Do you think that things need a name in order to exist in our minds?
This was the question I posed to the senior girls in Assembly last week. Many philosophers would argue that things for which we have no name do not exist as fully in our minds as things that have a name.
‘What’s in a name?’ says Shakespeare’s Juliet
But the fact that she is called Capulet and he is a Montague makes all the difference in the world to this couple, and seals their fate.
‘That which we call a rose, by any other name would smell as sweet’ she adds.
But when planting my garden, I need the word rose. More, I need the name of the rose – the taxonomy of roses, no less.
If you lose the word, then, you lose the world of which it is a part.
Seven years ago, a big thing happened in the naming industry of this country, when OUP published a new Junior Dictionary. To make space for newly-emerging words – analogue, broadband, chatroom – the publishers removed words which they thought had fallen into disuse, including acorn, buttercup and conker.
A furore followed; not because the technology-related words were seen as bad but because many people felt that losing the nature-orientated words would mean that the link between the future generation and the natural world would be lost.
In fact, many people believe that the link has been lost already and that the natural world has become a lost world to the young. For example, Tanya Byron’s influential report ten years ago concluded that the radius of activity outdoors for children had declined by almost 90% in a generation. The term ‘Nature Deficit Disorder’ – coined by Richard Louv, in 2005 – has now been widely taken up to describe the detrimental effects, on physical and mental health, of children’s disengagement from nature. Louv defines it thus,
‘Nature Deficit Disorder describes the human costs of alienation from nature, among them: diminished use of the senses, attention difficulties, and higher rates of physical and emotional illnesses’
The stats paint a concerning picture – with a third of under-16s being overweight or actually obese and an ‘epidemic of mental illness’ afflicting the young (leading to around 35,000 children in England being prescribed anti-depressants). In response, many organisations and individuals have sought to re-engage children with the Great Outdoors. The National Trust’s ’50 things to do before you are 11 ¾ ’ programme aims to ignite a love of nature in children before they reach the age when it is too late while an illustrated book of poems, entitled ‘The Lost Words,’ has taken the literary world by storm, scooping the Kate Greenaway Award and inspiring a campaign across Scotland to get a copy placed in every primary school nationwide.
Schools are, of course, crucial to the success of this endeavour. At a time when many are struggling to hold onto their green spaces, as a result of funding pressures, and other agendas are vying for attention, we are fortunate at the High School to enjoy superb resources, physical and human, for outdoor learning and can make good on the promise to keep the words and the worlds of nature alive and vivid for our students.

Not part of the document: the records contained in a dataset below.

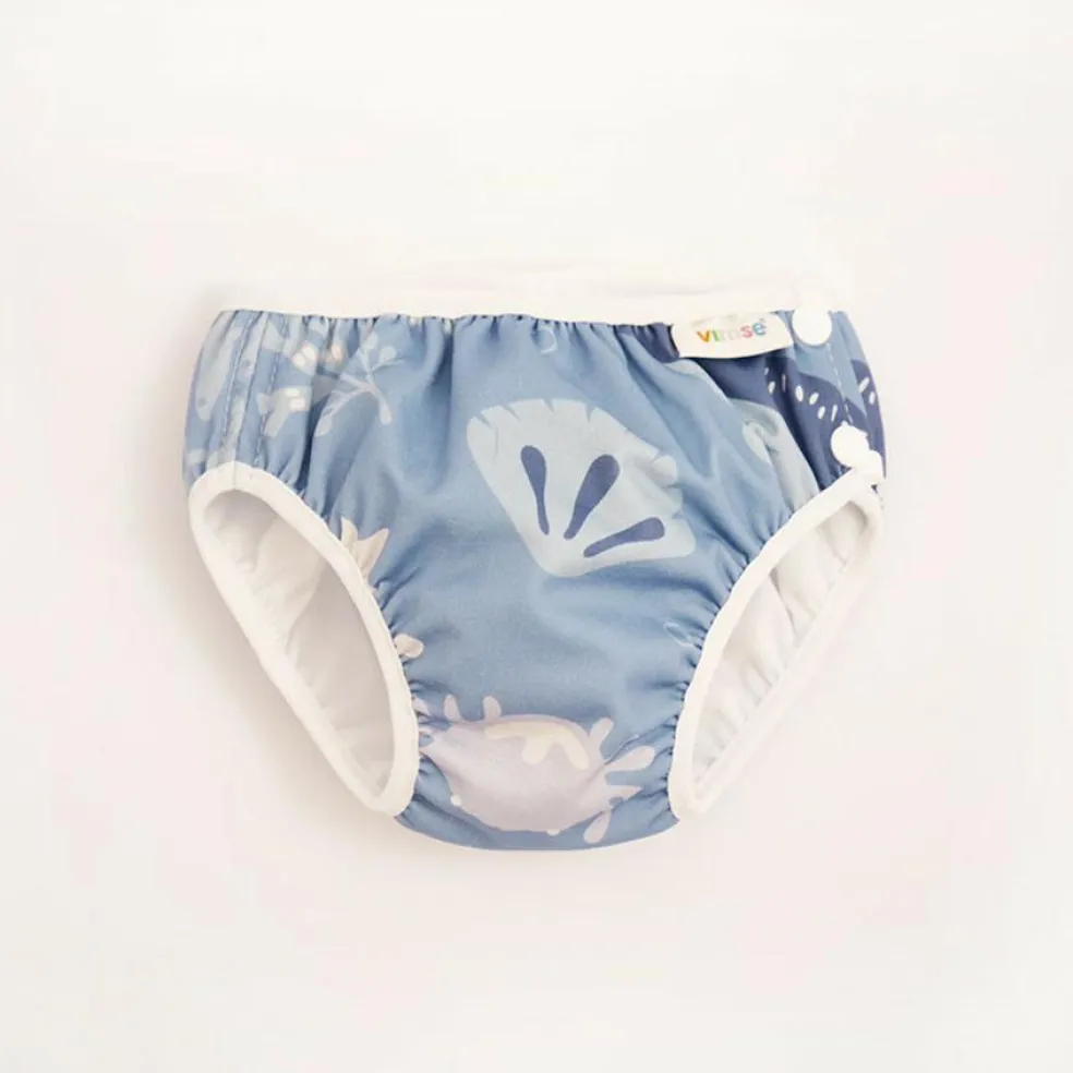 Fin blå badeble med motiv af havdyr. Takket være den bløde og smidige elastik i livet og ved benene, kan barnet bevæge sig frit rundt i vandet. Svømmebleen består af et lag blødt, lækagesikkert stof i tilfælde af uheld og flexibelt badetøjsstof på ydersiden.
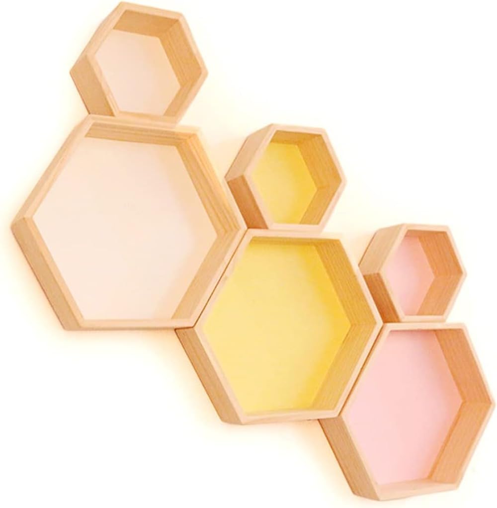 壁掛け棚 ウォールシェルフ 木製棚 壁 イエロー グリーン ナチュラル ピンク ブルー ホワイト S(対角線21cm)*1 M(対角線28cm)*1 L(対角線35cm)*1 S+L S+M S+M+L M+L
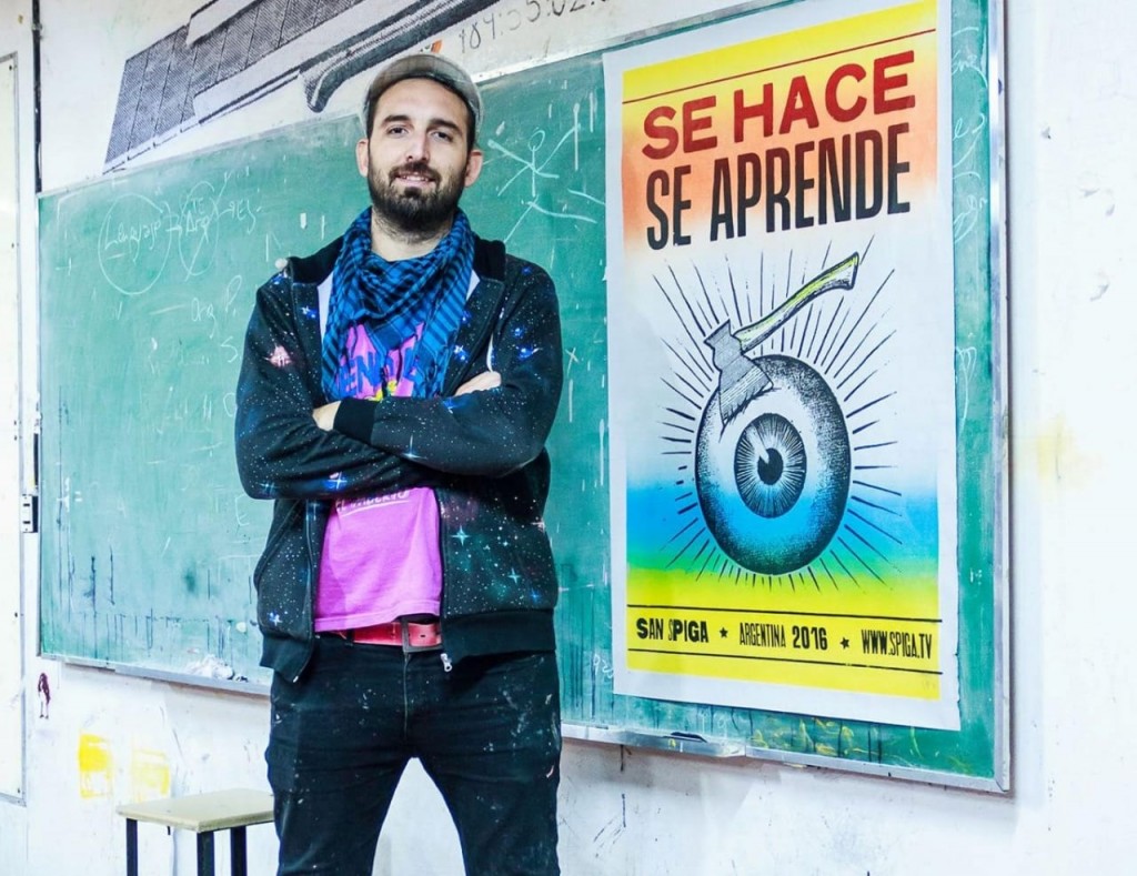 Santiago Spigariol, más conocido como “San Spiga”, es diseñador gráfico, docente y artista urbano, nacido en Viedma, Río Negro, y desde hace años desarrolla su obra visual en formato de pósters y arte urbano en festivales, cárceles, barrios y centros educativos.
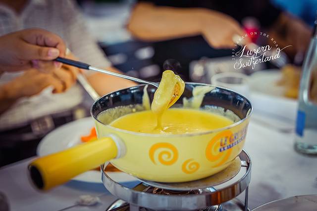 芝士火锅是瑞士最著名的一道国菜,用白葡萄酒将芝士融化,裹住烤硬的小面包块一起食用。
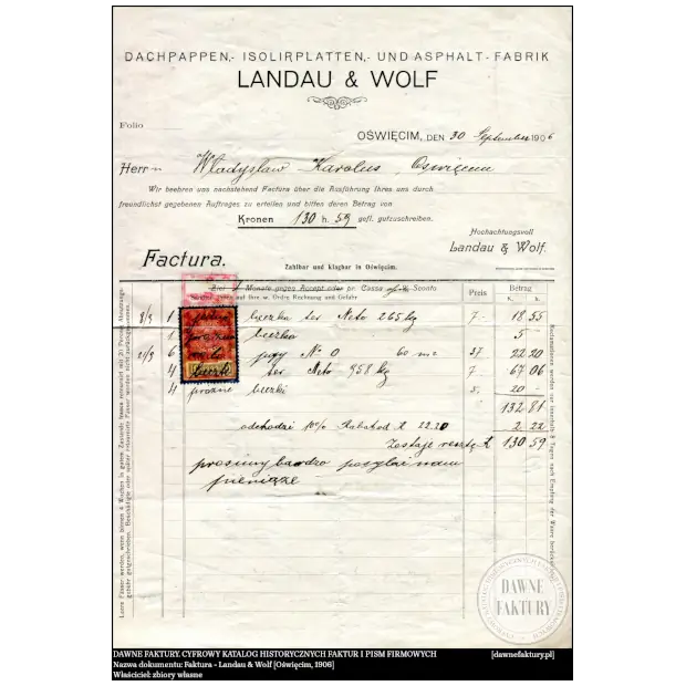 Faktura – Landau & Wolf [Oświęcim, 1906]
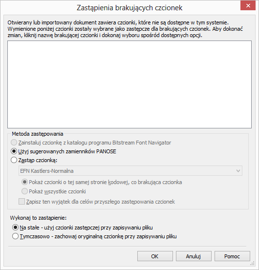 Próbowałem również używać bisream font navigator z corela 12 ale również ze złym skutkiem
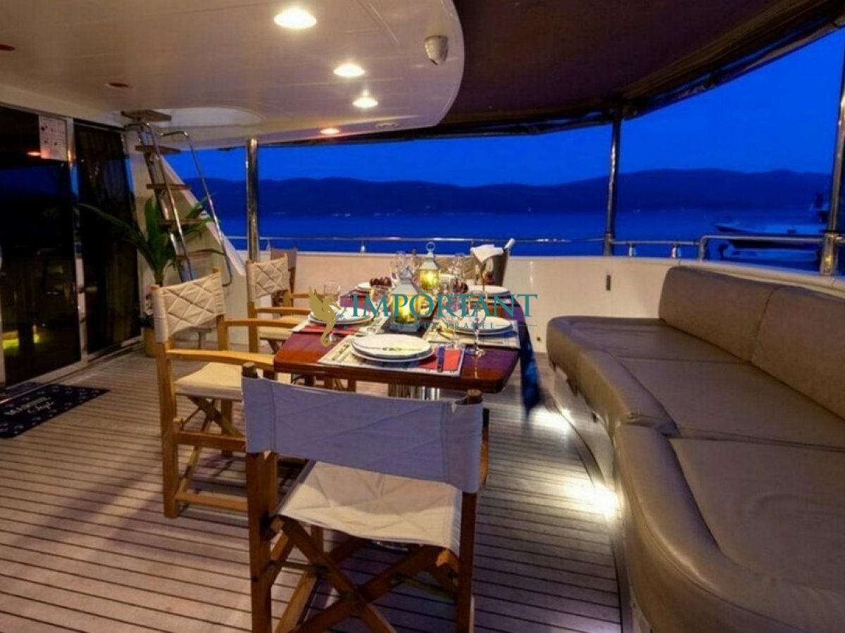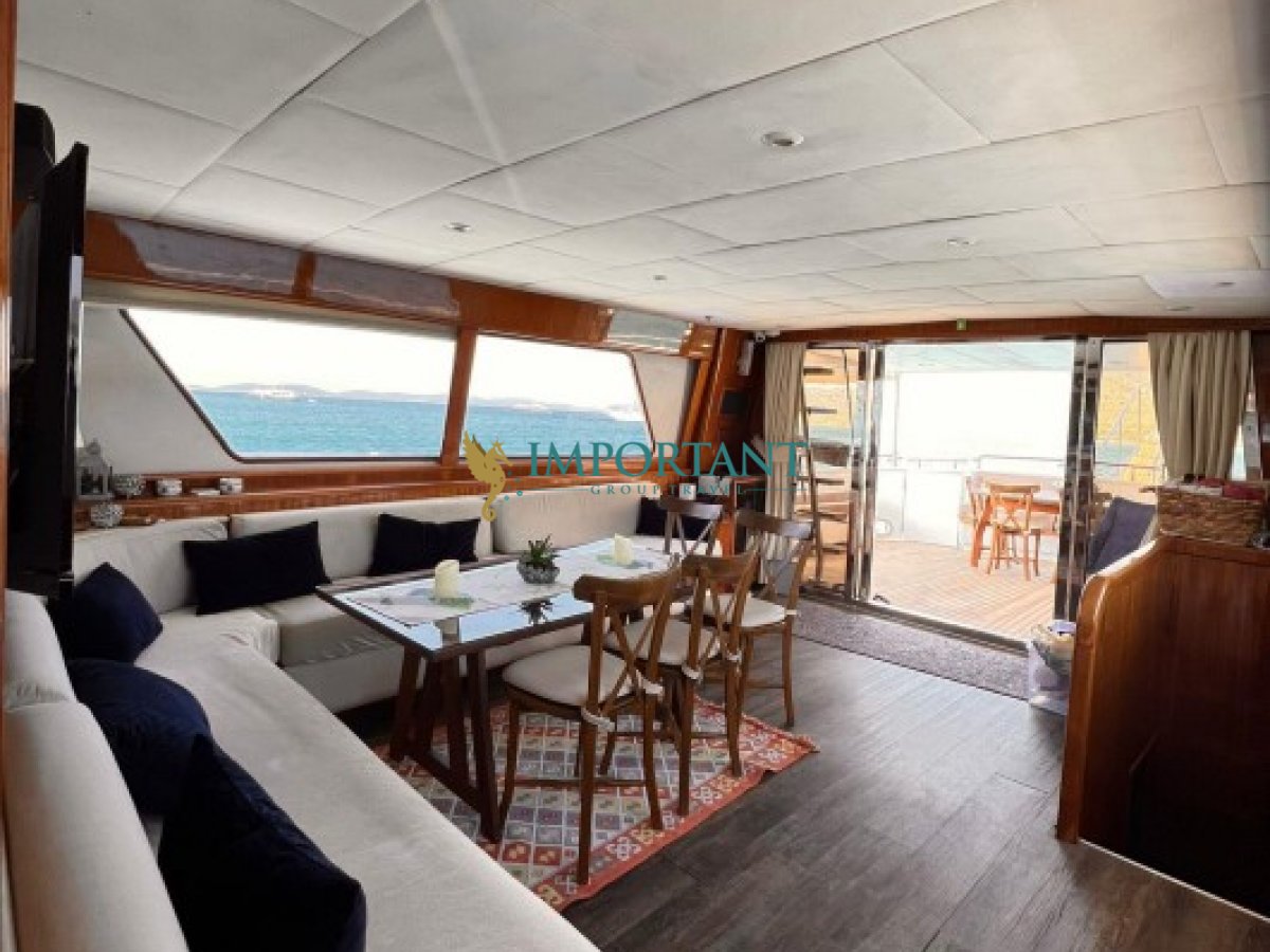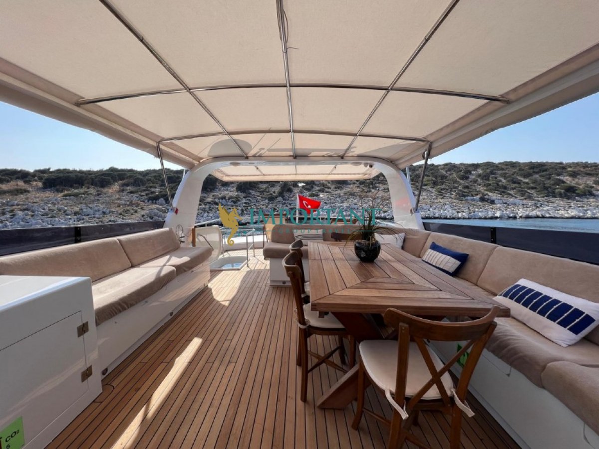 Bodrum Torba çıkışlı 27 metre motoryatımız 15 kişi kapasitelidir. Yatımızın iç dizaynı misafirlerimizin tüm ihtiyacını karşılayacak şekilde dekore edilmiş olup, salonda ve güvertede yemek masalarına ve tam teşekküllü bir mutfağa sahiptir.

Forest School, led by Mrs Waters, is a brilliant starting point. Much more than an outdoor education programme, it is a fully integrated and structured programme of activities, underpinned by research and risk assessment, and combining elements of bushcraft, skills-building, environmental awareness, character education and personal well-being. Beyond that, in junior school, flower beds and vegetable patches, mud kitchens and bug hotels, sensory beds and sandpits, bird feeders and barometers present endless possibilities for exploration. For the seniors, the tranquil gardens of Cripps Courtyard provide a sunny haven in summer and an arena for snowballing in winter while Derngate Courtyard hosts intriguing biology experiments and offers shady nooks. By the time they are 11 ¾ our girls have enjoyed yearly residentials focused on outdoor learning and have cut their teeth on the Confidence and Challenge Programme amid the splendours of Snowdonia and the Carding Mill Valley.
This week the U4s have been in Cumbria, braving the elements and drinking in the fabulous scenery on Outward Bound. The calendar says summer but the barometer says monsoon. No matter – our motto remains ‘there is no such thing as bad weather, only unsuitable clothing!’ Before the year is through, we shall have seen L5 and U5 through D of E Bronze and Silver expeditions while groups of our most adventurous seniors will have had an encounter with the wonders of Zanzibar, Thailand and Cambodia.
In these, and countless other ways, the High School ethos and experience encourage girls to embrace citizenship of the natural world and to gain fluency in the words of its language. The rewards are rich indeed – and will last a lifetime.